Ok, so I told you we didn’t leave Midland empty handed, and that is definitely true! While we didn’t find a library card catalog, some of you may have cleverly spotted something similar in one of yesterdays photos…

Printers cabinet – I also love printer’s cabinets but definitely don’t have enough tiny stuff to fill up one of those. This one was reasonable priced because it was missing a few drawers. I’m not an antiques connoisseur by any means, but there weren’t many things that I balked at the cost of (except that monkey lamp). They may have been expensive, but I could see the value.

Do you see it?

How about now?

I decided this cute little drawer could hold off my desire for a library card catalog, so home it came! For a mere $24.07.

I am not really sure what “special trips” means or what tiny things special trips involve…also, I was having a really hard time getting my camera to take an image where the text was sharp. Bah.
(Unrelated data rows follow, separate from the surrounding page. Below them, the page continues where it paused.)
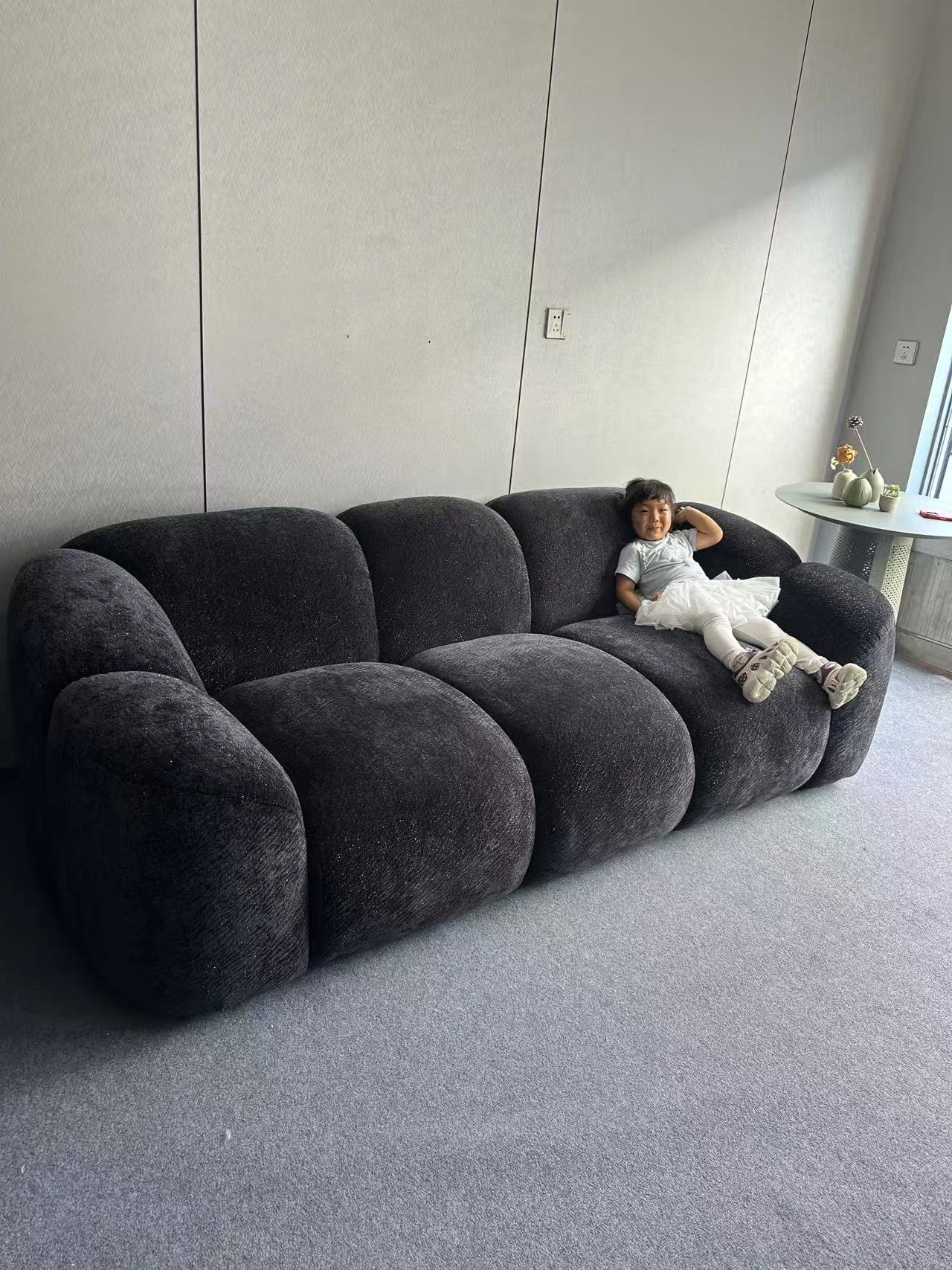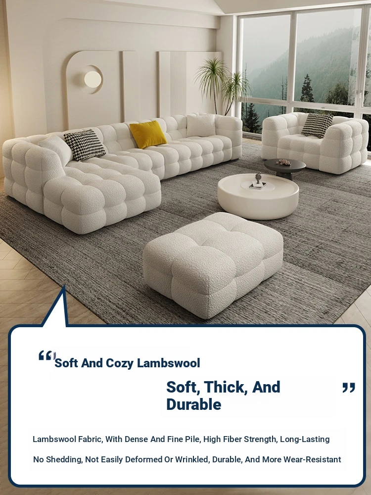 Minimalist French Nordic Cotton Candy Fabric Sofa - Retro Corner Chaise Lounge in Creamy Lambswool BOBA Style, Perfect for Cozy Living Spaces.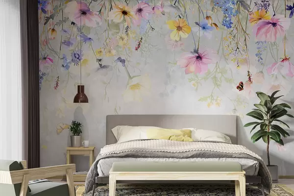 zidne murale Šareno cvijeće s ružičastim, žutim i plavim cvjetovima koji vise s vrha na teksturiranoj sivoj pozadini w08309
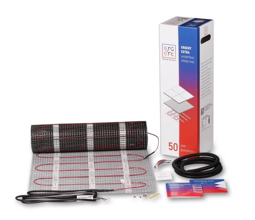 Нагревательный мат состоит из тонкого двухжильного кабеля, уложенного на сетке из стекловолокна. Двойной экран не только защищает от повреждений электрическим током, но и дает распространяться электромагнитному излучению. Допустима укладка в цементно-песчаную стяжку толщиной 2 см или в слой плиточного клея. Гарантийный срок использования: 16 лет. Произведен в России.

Now, I could have just filled it up as it was, but I thought it might be nice to have some dividers for tiny things and some bright colors, too. So I worked on it for a while, and here is my new storage:

With a pop of color

It isn’t quite filled up yet, but I’m sure I’ll find a few more things to put in there as I work in my craft room.

As of now there are some stamps, some weaving supplies, some tiny clothespins…and lots of happy color!